FIG. 1 is a circuit diagram showing a conventional example, FIG. 2 is a circuit diagram showing one embodiment of the present invention, and FIGS. 3 and 4 are circuit diagrams showing other embodiments. 7, 8...transistor, turtle 8...voltage detection circuit, 20...base circuit. Figure 1 Figure 2 Figure 3 Figure 4

Claims (1)

[Claims] 1 One end of the DC power supply 1 is connected to both ends of the primary winding 56 of the oscillation transistor 4 via a pair of transistors 7 and 8, and the other end of the DC power supply 1 is connected to the primary winding 56 of the oscillation transistor 4.

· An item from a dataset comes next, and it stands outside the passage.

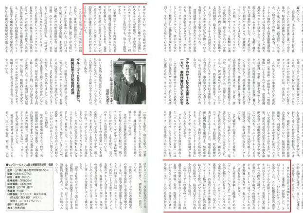
80、81 ページ: エクストールイン山陽小野田厚狭駅前 様でのサービス活用方法の紹介
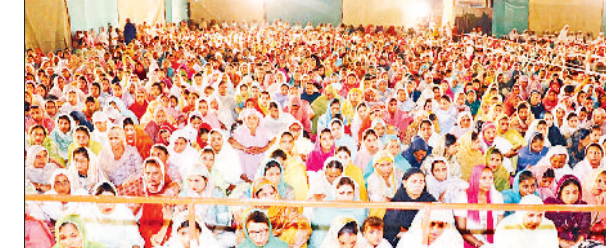
भूना। वार्षिक सत्संग समागम, संत वाणी से गूना कंबोज गुरुद्वारा परिसर।

A base drive circuit 20 is connected to the intermediate tap of the oscillation transformer 4 and causes a base current to flow from the base winding 11 of the oscillation transformer 4 to the pair of transistors 7 and 8 so as to alternately conduct them. 4 secondary winding 13
In an inverter circuit configured to take out an alternating current voltage at 15 are connected in parallel to the primary windings 5 and 6 of the oscillation transformer 4, respectively, and the resistor 17 and the diodes 14 and 1
A proportional voltage proportional to the ON voltage between the collectors and emitters of the transistors 7 and 8 is taken out from the connection point with the transistor 5, and the proportional voltage is inputted from the voltage detection circuit 18 and the transistors 7 and 8 are in a saturated state. An inverter circuit characterized in that the base drive circuit 20 is provided with base current control elements 19 and 21 that control the base currents of the transistors 7 and 8 so that the base currents are in an intermediate state between unsaturated states.